According to the invention, at least one pair of one-way clutches are installed in opposite directions on a camshaft substantially integrated with the shaft of the motor, and a driven member is fixed on the clutches, and one In a drive mechanism that can drive two types of driven members whose operating times do not interfere with each other by rotating the motor forward and reverse, the driven member that should be in a stopped state has a very simple and inexpensive configuration. It is possible to prevent micro-tremors.

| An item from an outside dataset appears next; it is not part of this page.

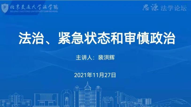 裴洪辉老师围绕“法治、紧急状态和审慎政治”的主题,结合时事热点、博通古今中外,分享了突发疫情后自己对法治与政治的反思,从紧急状态的规范立场、政治存在论立场、理论谱系、程度性视角四个方面,介绍了现代恐惧政治、施米特例外理论、审慎政治等内容,并突出强调了极端紧急状态下意志的重要性。裴老师还结合“必要性无法可依”,深入阐释了决断和规范的关系,全面地论述了法治理论所具有的充分的可建制性。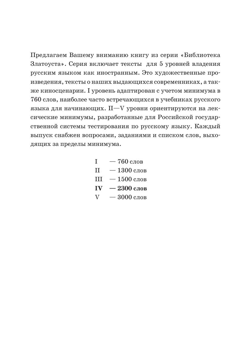 Предлагаем Вашему вниманию книгу из серии "Библиотека Златоуста". Серия включает тексты для 5 уровней владения русским языком как иностранным. Это художественные произведения, тексты о наших выдающихся современниках, а также киносценарии. I уровень адаптирован с учетом минимума в 760 слов, наиболее часто встречающихся в учебниках русского языка для начинающих. II-V уровни ориентируются на лексические минимумы, разработанные для Российской государственной системы тестирования по русскому языку. Каждый выпуск снабжен вопросами, заданиями и списком слов, выходящих за пределы минимума.

[Brief explanation of drawings]

1 and 2 are a front view and a side view, respectively, of a pump drive mechanism shown as an embodiment of the present invention. 1: Camshaft, 2: Motor, 3A, 3B:
One-way clutch, 4A, 4B: Eccentric cam, 5
A, 5B: ball bearing, 6A, 6B: connecting arm, 7A, 7B: plunger, 8A, 8B: pump, 11A, 11B, 11C: collar, 12: spring, 13: bearing, 14A, 14B: support.

Claims (1)

[Scope of utility model registration request] At least one set of one-way clutches is installed on a camshaft that is substantially integrated with the shaft of the motor so that the transmission directions are opposite to each other, and a driven member is respectively fixed on each of the clutches. In the drive mechanism, an elastic body is provided on the shaft between the pair of one-way clutches in a drive mechanism that can drive two types of driven members without interfering with each other during operating time by rotating the clutch in the forward and reverse directions. , each driven member is directly or indirectly pressed against the fixed member by the pressing force of the elastic body, and the axial force between both driven members is transmitted onto the shaft between both clutches, but the force in the rotational direction is A drive mechanism for a driven member that is equipped with a bearing to prevent force from being transmitted.